### WHAT TO DO:
The lines below, from the first through the one containing "We’ve talked about", are to be given again exactly, with pictures left out and nothing added.

[Recorded data]
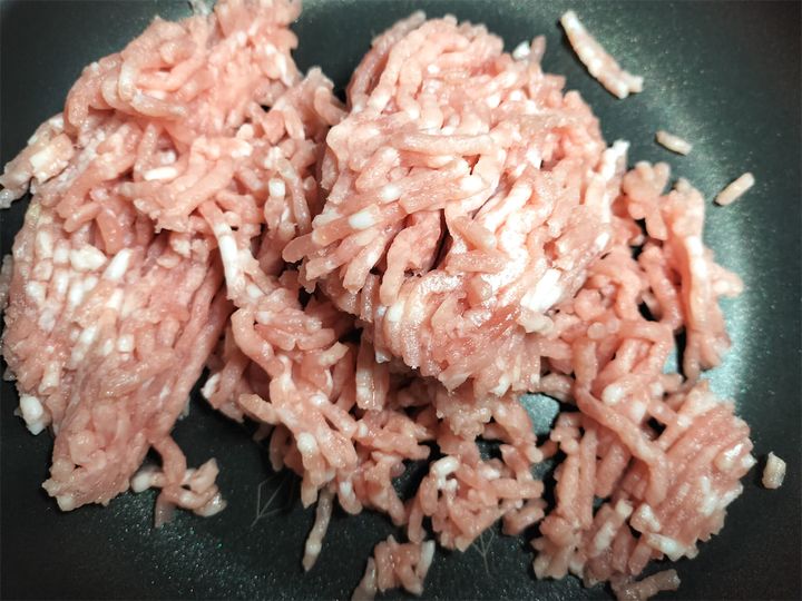 1. フッ素樹脂加工のフライパンに油をひかずに豚ひき肉を入れ、強火で炒めます。
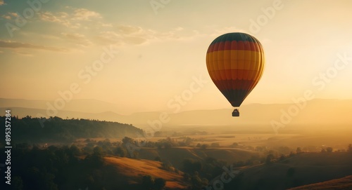 Naklejka premium Hot air balloon, beautiful landscape with hot air balloon flying in the sky...
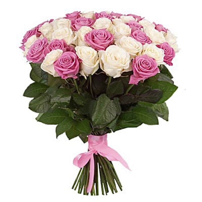Витончена композиція з 35 троянд у ніжних білих та рожевих відтінках, оформлена у стильне пакування. Поєднання кольорів символізує чистоту, щирість та теплі почуття, створюючи атмосферу любові й турботи.
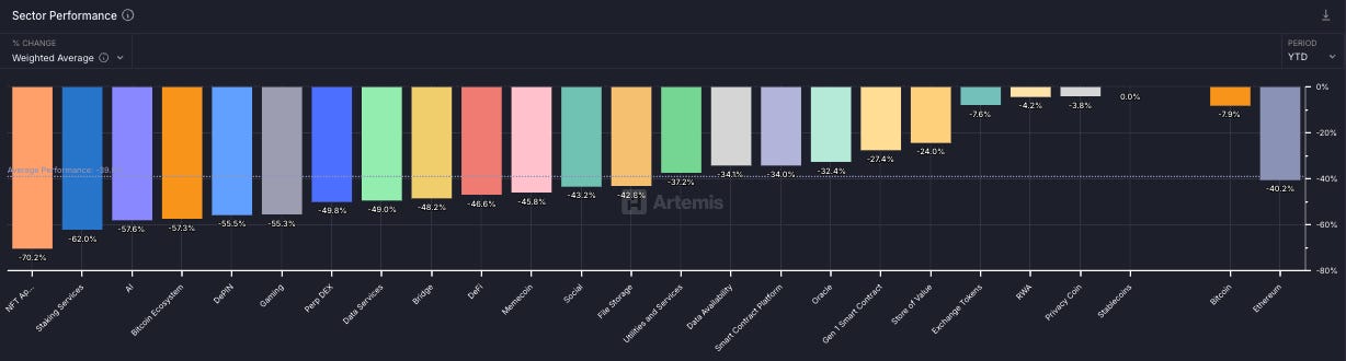 We’ve talked about the trend of dispersion between BTC and other sectors before, and it continued this quarter. Literally nothing outperformed BTC, notably including ETH which is down almost 40% itself as ETH/BTC ratio continues to make new lows.
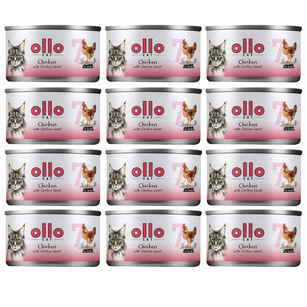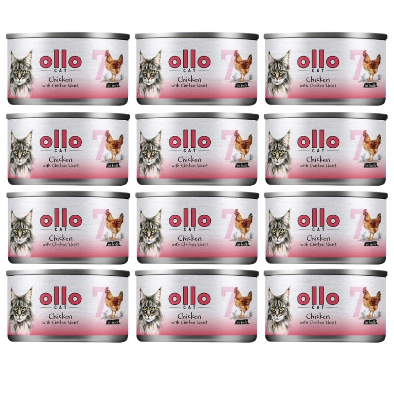 Zestaw zawiera 12 sztuk Karmy mokrej dla kota Ollo nr 7 Kurczak i Serca z Kurczaka (70g)
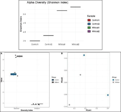 Fig. 7. Microbial diversity in the oral microbiota of F. silvestris. (A) Alpha diversity indices (Shannon, Simpson, and observed OTUs) demonstrating species richness and evenness. (B) Principal coordinates analysis (PCoA) plot of beta diversity based on Bray-Curtis dissimilarity, showing clustering patterns between experimental groups and controls. Antibiotic treatment with a combination of ampicillin (1 mg/ml), vancomycin (0.5 mg/ml), neomycin (1 mg/ml), and metronidazole (1 mg/ml) in drinking water for 1 week effectively reduced the bacterial load by 99.9% (p < 0.001) and completely eradicated E. faecalis. However, this dramatic reduction in microbial burden did not translate to improved ONF healing, as lesion sizes at day 7 post-injury showed no significant difference between the antibiotic-treated and control groups (5.2 ± 0.8 mm vs. 5.0 ± 0.7 mm, respectively; p=0.89). These findings suggest that while antibiotics successfully diminish bacterial load, they do not substantially enhance the wound healing process in this context. Biomarker data were analyzed using repeated-measures ANOVA with Geisser-Greenhouse correction. Long-term oral functionality was assessed using the following observational metrics: mastication efficiency (evaluated by consumption of solid food by POD 8), absence of nasal regurgitation, and behavioral indicators (olfactory exploration and weight gain). Computed tomography scans confirmed anatomical integrity, with no functional deficits at 10 months.
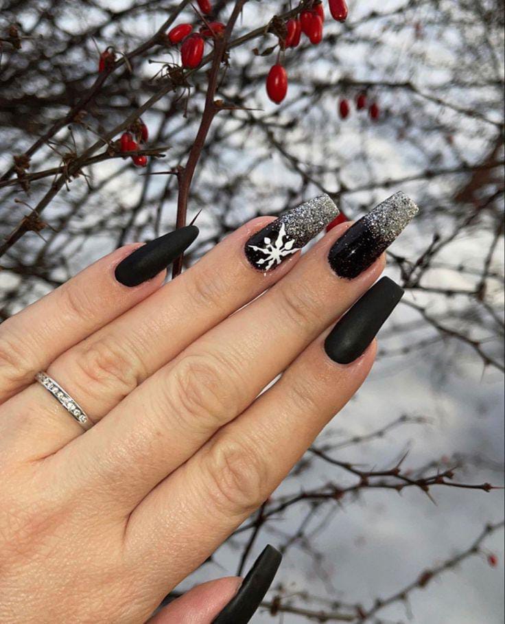 Matte black nails mixed with silver glitter and a bold white snowflake design, creating a dramatic, winter-night aesthetic.
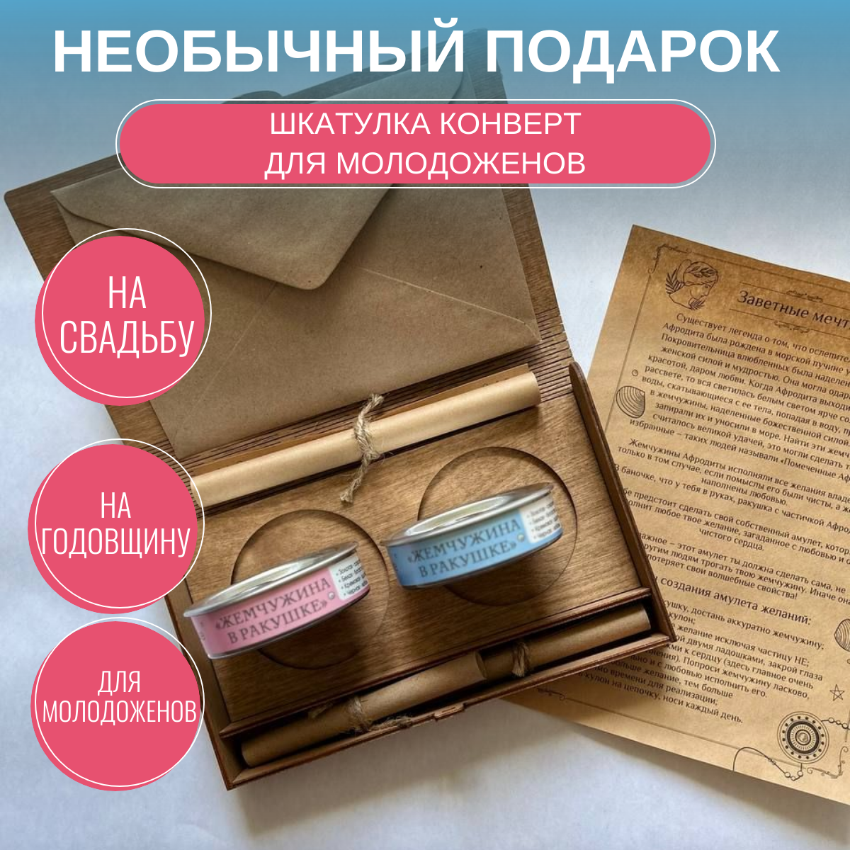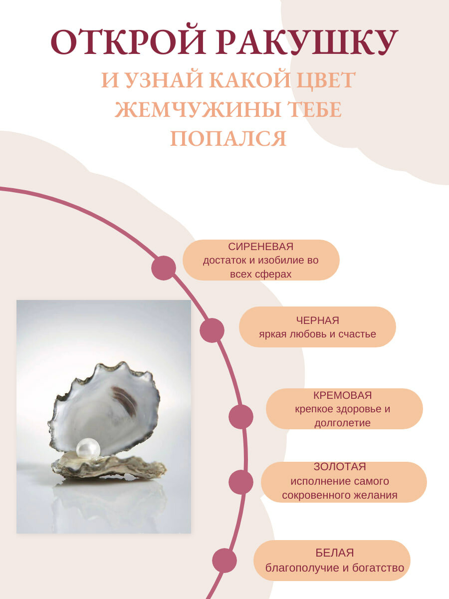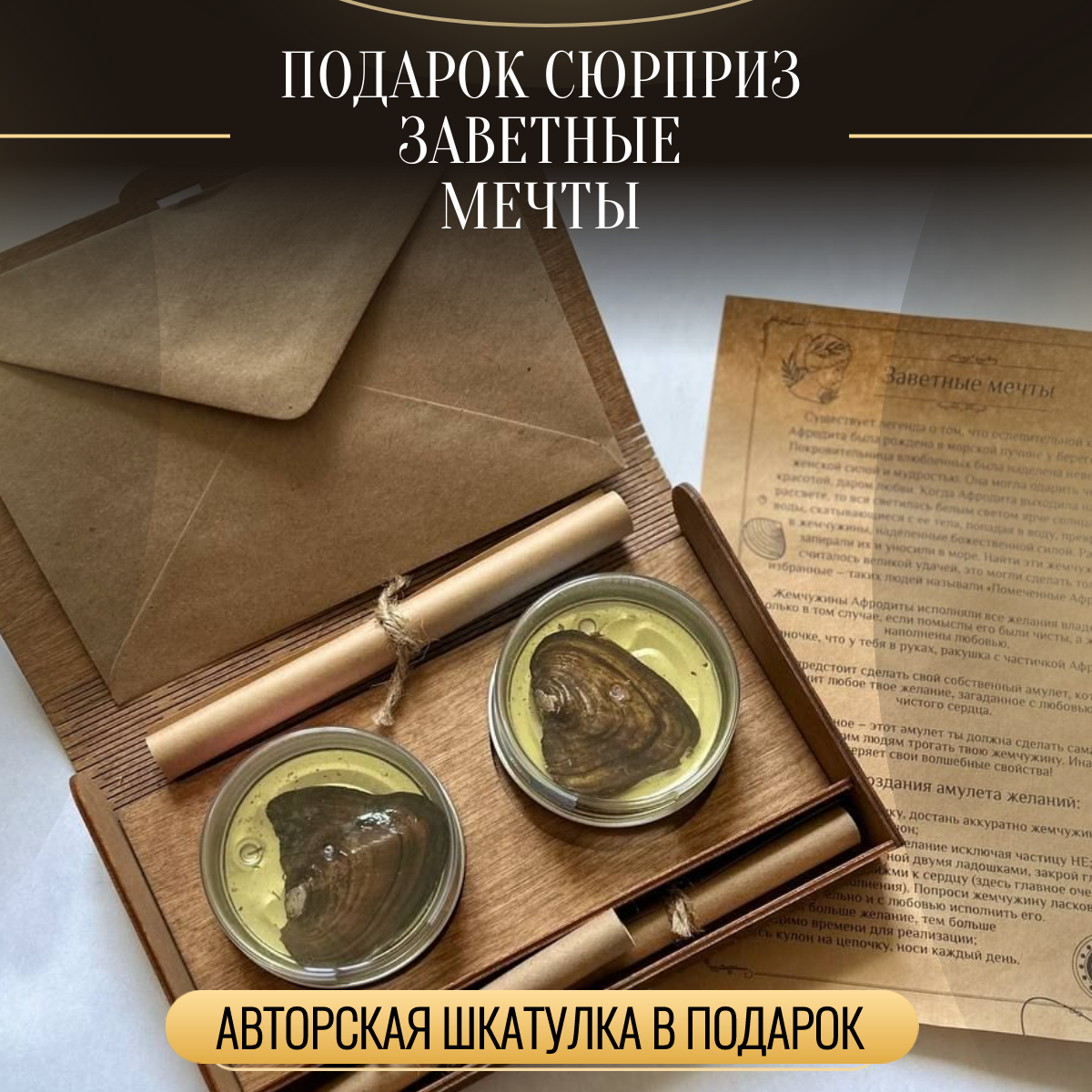 | Подробная комплектация | Комплектация - Деревянная коробка-шкатулка. - 2 ракушки с жемчугом. - Крафт конверт для денег - Легенда о жемчуге - Техника загадывания желаний - Инструкция. - Сургучная печать. |
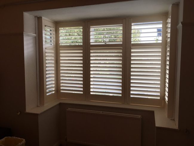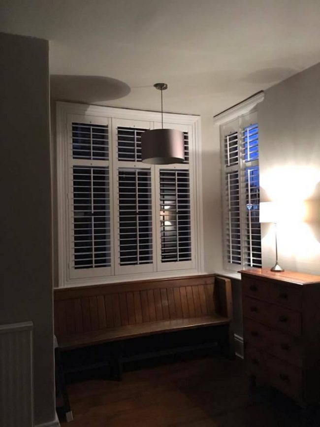 A very wide box bay window fitted with shutters featuring a concealed split, for excellent flexibly in terms of light 🔆 & privacy 🔒
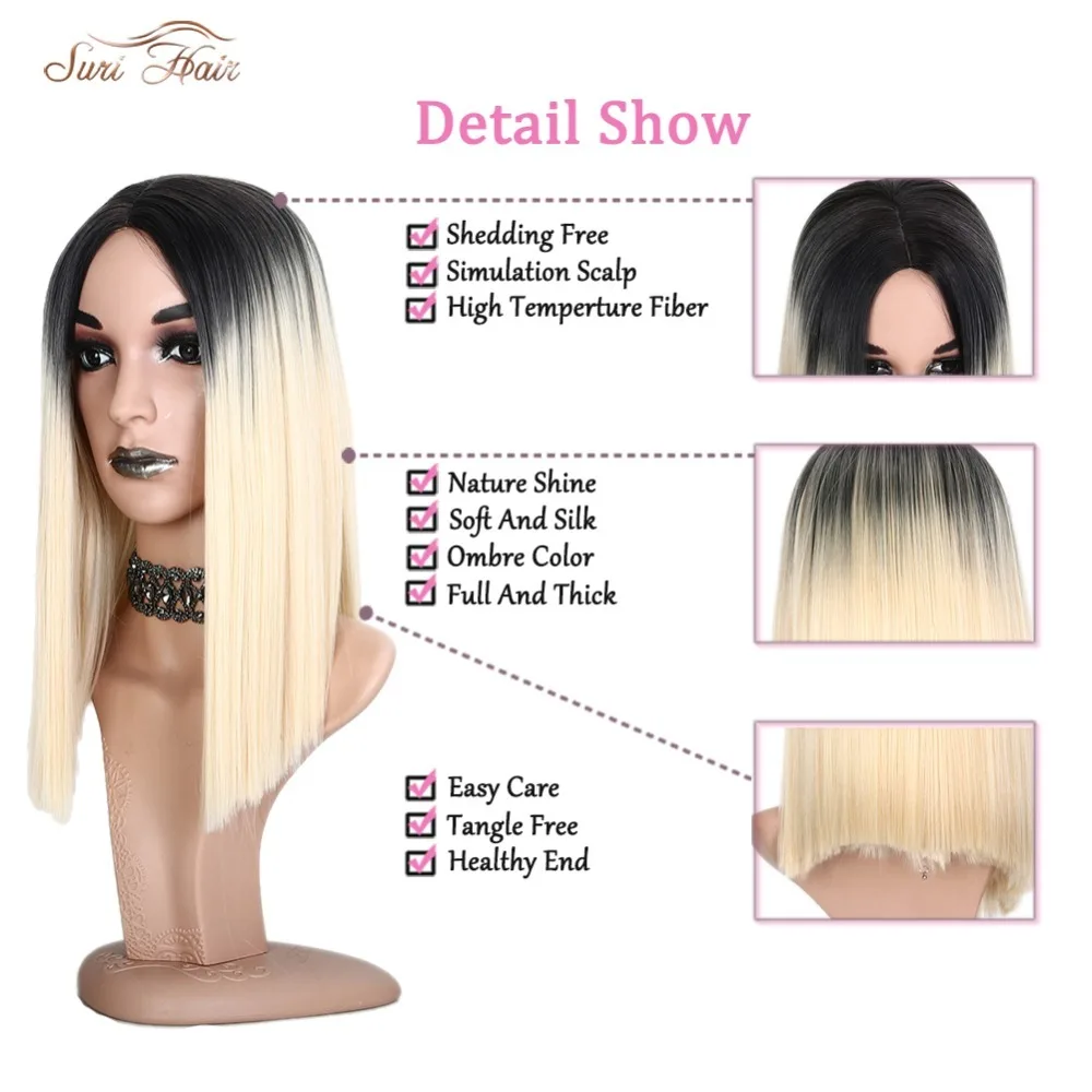 SURI Hair Black root Ombre blonde 613# Wig Straight Synthetic Wigs Short Hair Pink Bob Women High t
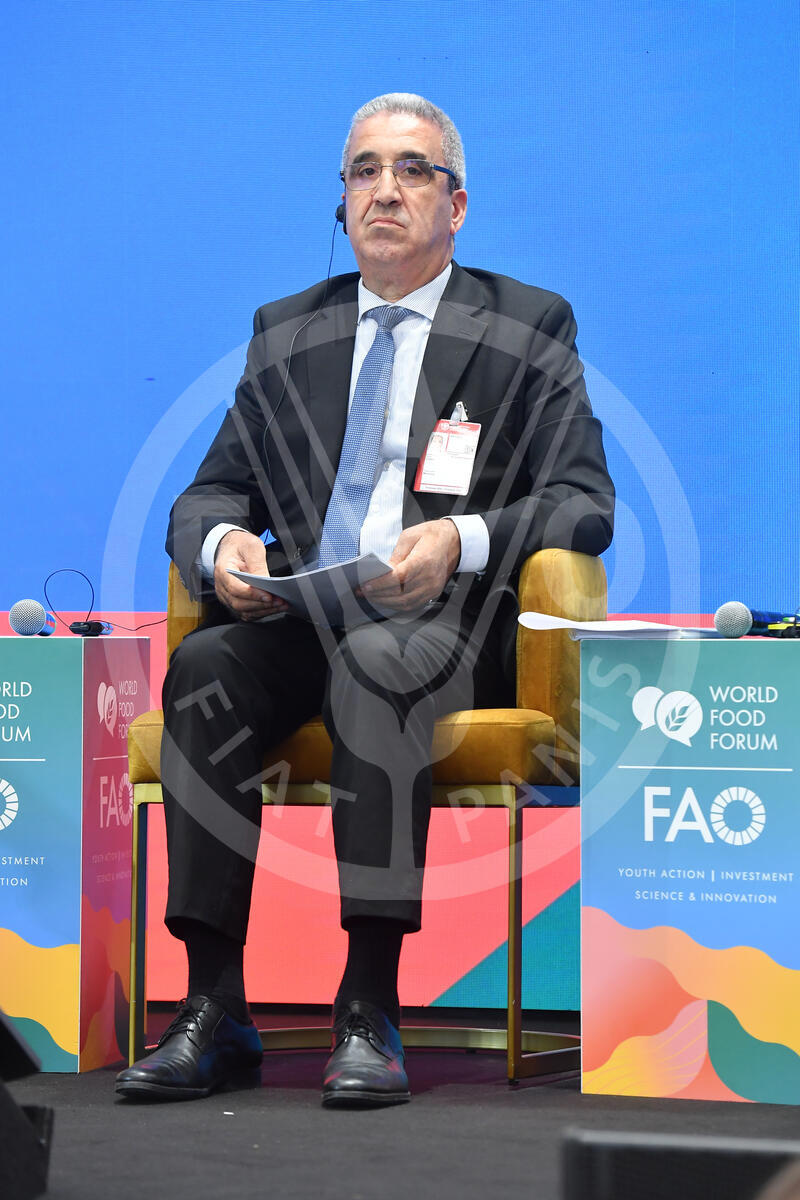 17 October 2024. Red Room, FAO Headquarters, Rome, Italy. Mr Omar Chafki, Director of the Bouregeg-Chaouia Water Basin Agency, Morocco, gives his speech at the Joint Rome Water Dialogue Session and SIF.
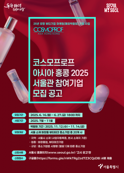 서울시 뷰티패션과와 협업하여, 크리에이티브포스 대상 '25 유망 뷰티기업 제품 홍보 콘텐츠 제작 캠페인 참가자를 모집합니다.

### SOLUTION:
 1. フッ素樹脂加工のフライパンに油をひかずに豚ひき肉を入れ、強火で炒めます。
 Naklejka premium Hot air balloon, beautiful landscape with hot air balloon flying in the sky...
Витончена композиція з 35 троянд у ніжних білих та рожевих відтінках, оформлена у стильне пакування. Поєднання кольорів символізує чистоту, щирість та теплі почуття, створюючи атмосферу любові й турботи.
 We’ve talked about the trend of dispersion between BTC and other sectors before, and it continued this quarter. Literally nothing outperformed BTC, notably including ETH which is down almost 40% itself as ETH/BTC ratio continues to make new lows.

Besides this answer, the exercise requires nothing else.